How To Understand Large Codebases

Whether your goal is to contribute or just understand how the code works, hopping onto any codebase you didn't author can be overwhelming at first sight. You even have it worse if it's a large repository. You are not alone. No one expects themselves or others to understand one the first time. In some even worse cases, you may never get to the bottom of it (Coughs Skill Issues Coughs). And that's fine. Imagine trying to go through google's 2 billion lines codebase. Goodluck with that.

However, there's a lot of ways to make you understand the code and even contribute to it easier.

What does the repository do?

This is the very first step. You should be able to explain what the codebase is supposed to achieve. E.g "This is a package that pads the left side of a string", "This is the web application of a https://example.com", "This is a cli tool generates xyz package".

This is a very important step. Because it helps make clarity on what you want to actually understand/contribute about it. Many large repositories will comprise of multiple applications and often use monorepos (See my article on Monorepos). This means, you have to also decide what particular "application" of the repository you need to understand/contribute to. This gives you a starting point from which you can use the Top-Down approach to get to other parts of the codebase.

Programming Language Understanding

Once you know what the repository is supposed to do and what parts of the repository you want to start from, you also need to ensure that part you are about to travail is written in a language you are comfortable with.

Generally, as a programmer, you should be able to read good code irrespective of the language as variable names, code similarity to your language and a few minutes of googling, can get you started. However, if you haven't built on a language, you should know it take you longer time to understand and contribute to compared to one which you have built projects on.

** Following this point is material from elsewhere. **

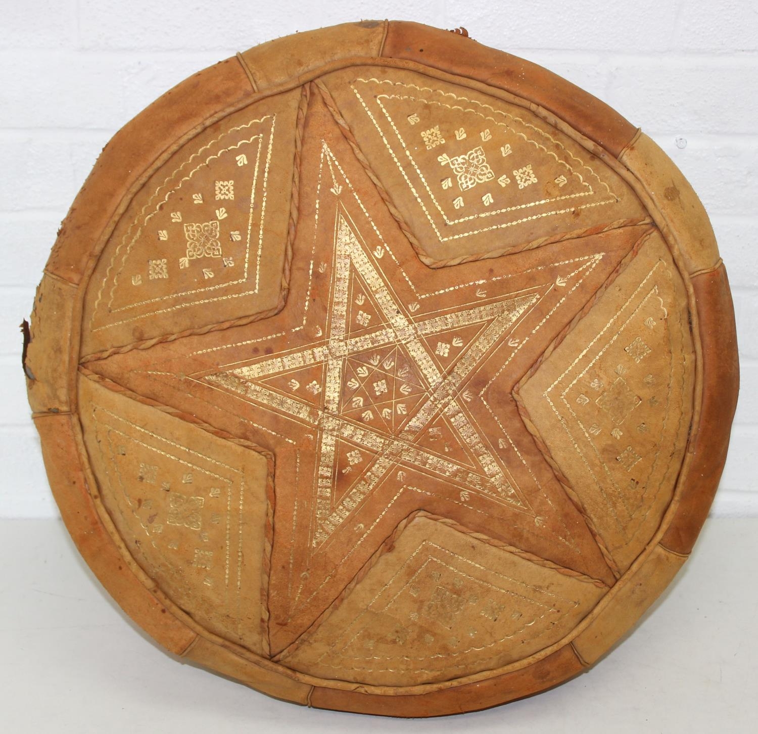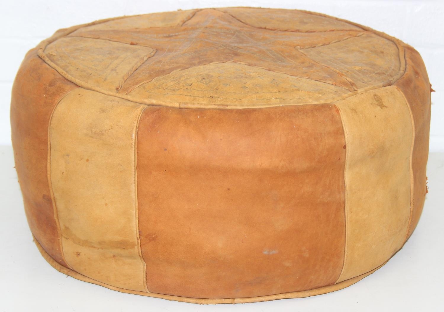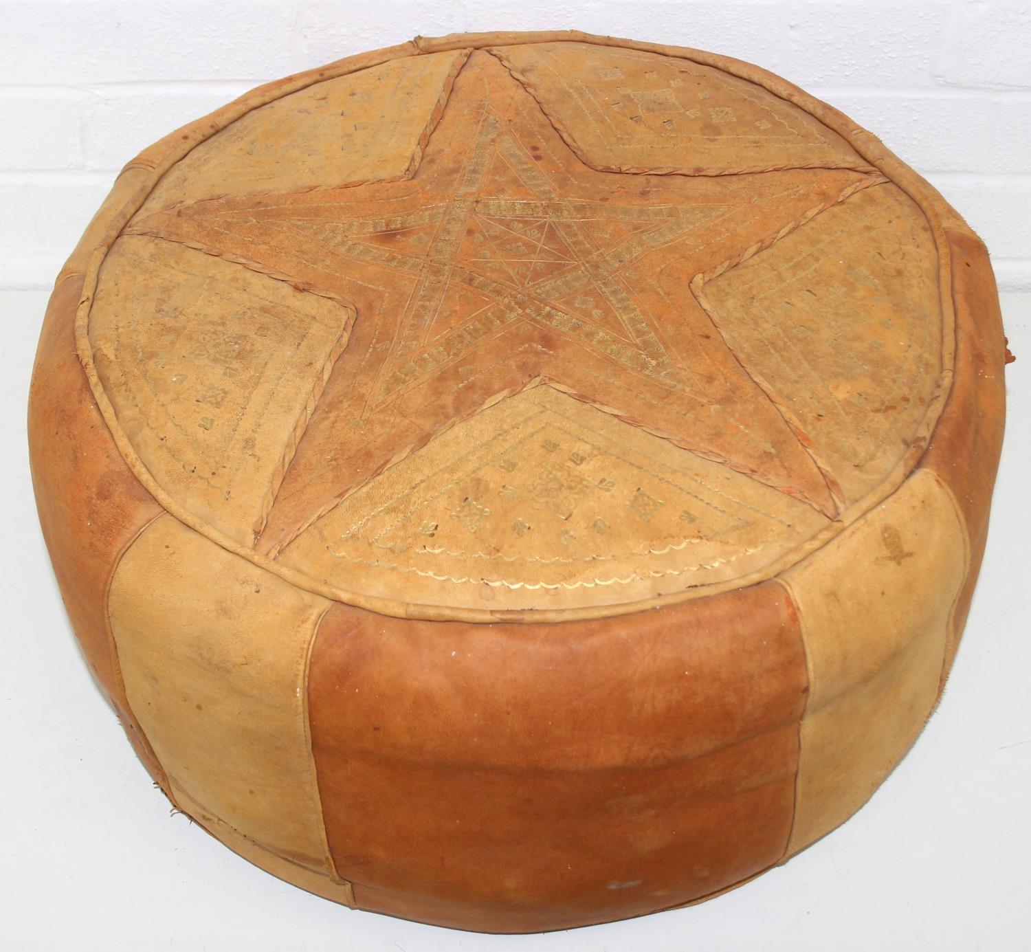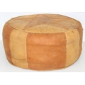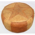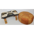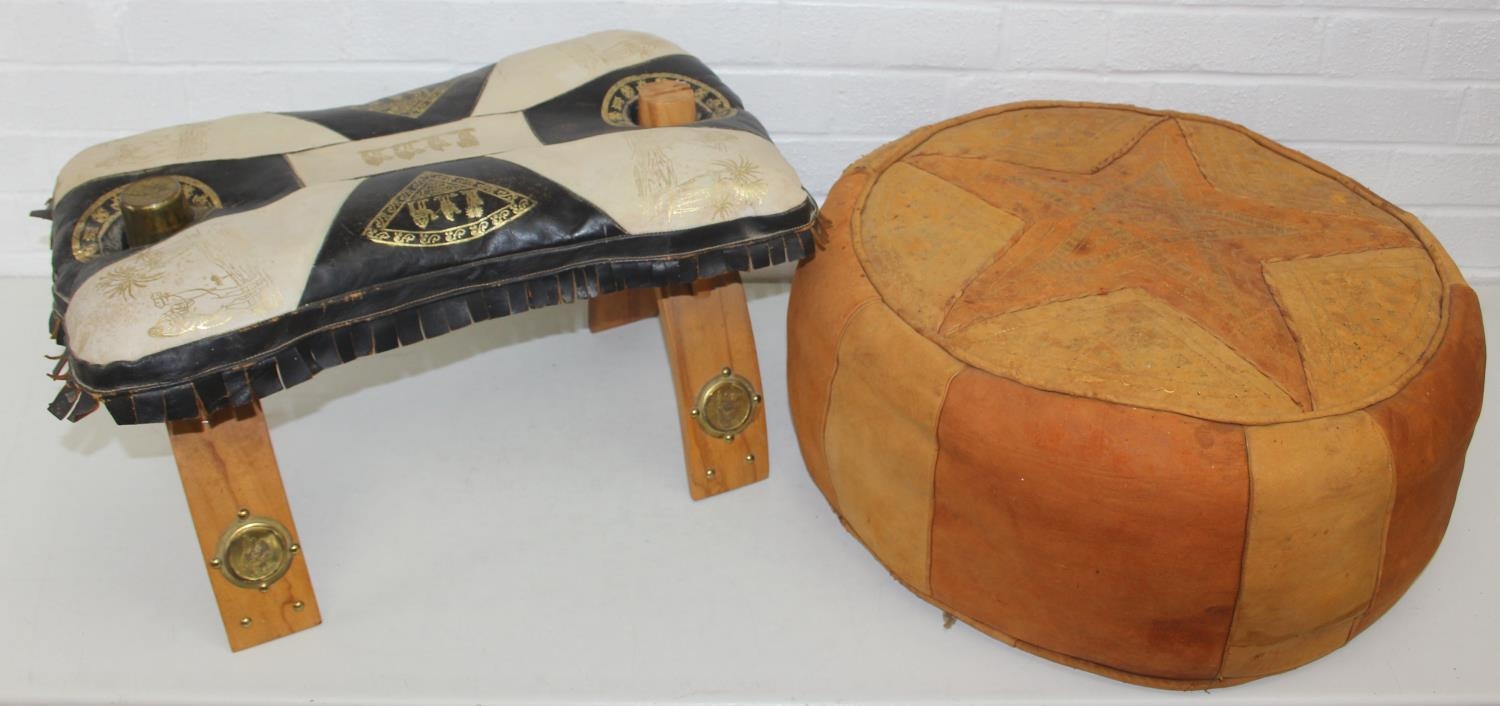 A vintage tan leather pouffe or footstool and a leather topped camel stool, the pouffe 56cm in diameter [2]

Sometimes, you might need to understand it despite not having experience in the language (e.g New job, New team at workplace, Language/Framework specific requirements, etc). In this case, I suggest you take a few days to learn about the language and write some algorithms with it. This could include doing some FizzBuzz, or some code challenges with the language. This will greatly increase your position compared to if you didn't.

Understand the Project Structure

Project Structure

Fig: An example folder structure of a Javascript codebase.

In many cases, if you already have considerable experience in the language, this should be an straighforward step. You already know what to expect. For example, in a javascript codebase, I expect to find a package.json at the top level. I also expect to see a src folder. If they use typescript, I expect to find a .tsconfig.json. This expectation is often reality and I am 1 step toward understanding this repository just knowing what the general folders standards are.

If you don't have as much experience in the ecosystem, you should skim through the folders of the repository (or the part you have taken interest in) and try to "guess" what the folder should do. Folder names and filenames would often give away what the folder is for and what the files in them should do.

Documentation And Instructions

Once you understand the folder structure, now it's time to actually understand the code. In most repositories, you should see a document describing how to setup the codebase for developement (for example a ReadME.md or installation.txt). Go through these files and follow whatever steps they recommend. Also take note of all the instructions and NOTEs they provide.

This should give you all you need to setup the project locally and get started. In some cases, this may not be as smooth. Here's some common issues you could run into

  • DB migration/seeding: Sometimes, for the code to run smoothly, it needs some data or tables in the db which other parts of the application use to run (in web applications). In some cases, you would be given a sample seed file which auto generates this. But if not, you would need to find a way to either disconnect that part of the code, or create the tables, data manually before starting

  • Dependencies Failing: The version of some packages, when updated on your end, could just break. Oh the number of times this has happened to me. I often go into the package.json and pin those breaking dependencies and clean install. This helps. You would likely not run into this if it is an actively maintained repository. However, it's good to expect this could happen and not panic when it does.

  • "It works on my machine": There's some errors that just happen because maybe you use a not-so-common linux distros or some random other reason. I can't help you here. You'd need to do some googling to find what's exactly causing the issue. Docker solves this. Some repositories come with some docker.compose.yml or Dockerfile which would create a machine containing everything needed for the code to run smoothly with just a few commands.

Actually Reading The Code

There's different ways to go about understanding the code line by line. It usually depends on what the code should do. Here's some general rules that would help

  1. Find the entry point: This is the index.js, index.html, main.py etc of the code. Where the main application is running.

  2. Fuck Around and Find Out: Yes, similar to how you debug issues. Change some variables, try to add some feature, move fast and break things. Each time you add or break a part of the code, you learn something about the system and how they fit together.

In UI related code, change some stylings, refactor some logic, remove some components, etc.

Ask Questions

With the evolution of AI, you can now ask it about code related questions giving it some context. Cursor is an AI code editor that is built specifically for this. There's also Github Copilot, Cody and probably many more.

Another option is asking someone who built/maintains it. This is mostly not feasible and in cases where it is, this should come first even. They would often speedrun you way faster than all the struggle you had to go through.

Conclusion

Reading code you didn't author is a difficult process and you are not alone. It takes time and effort for anyone but eventually you would get used to the process. Goodluck!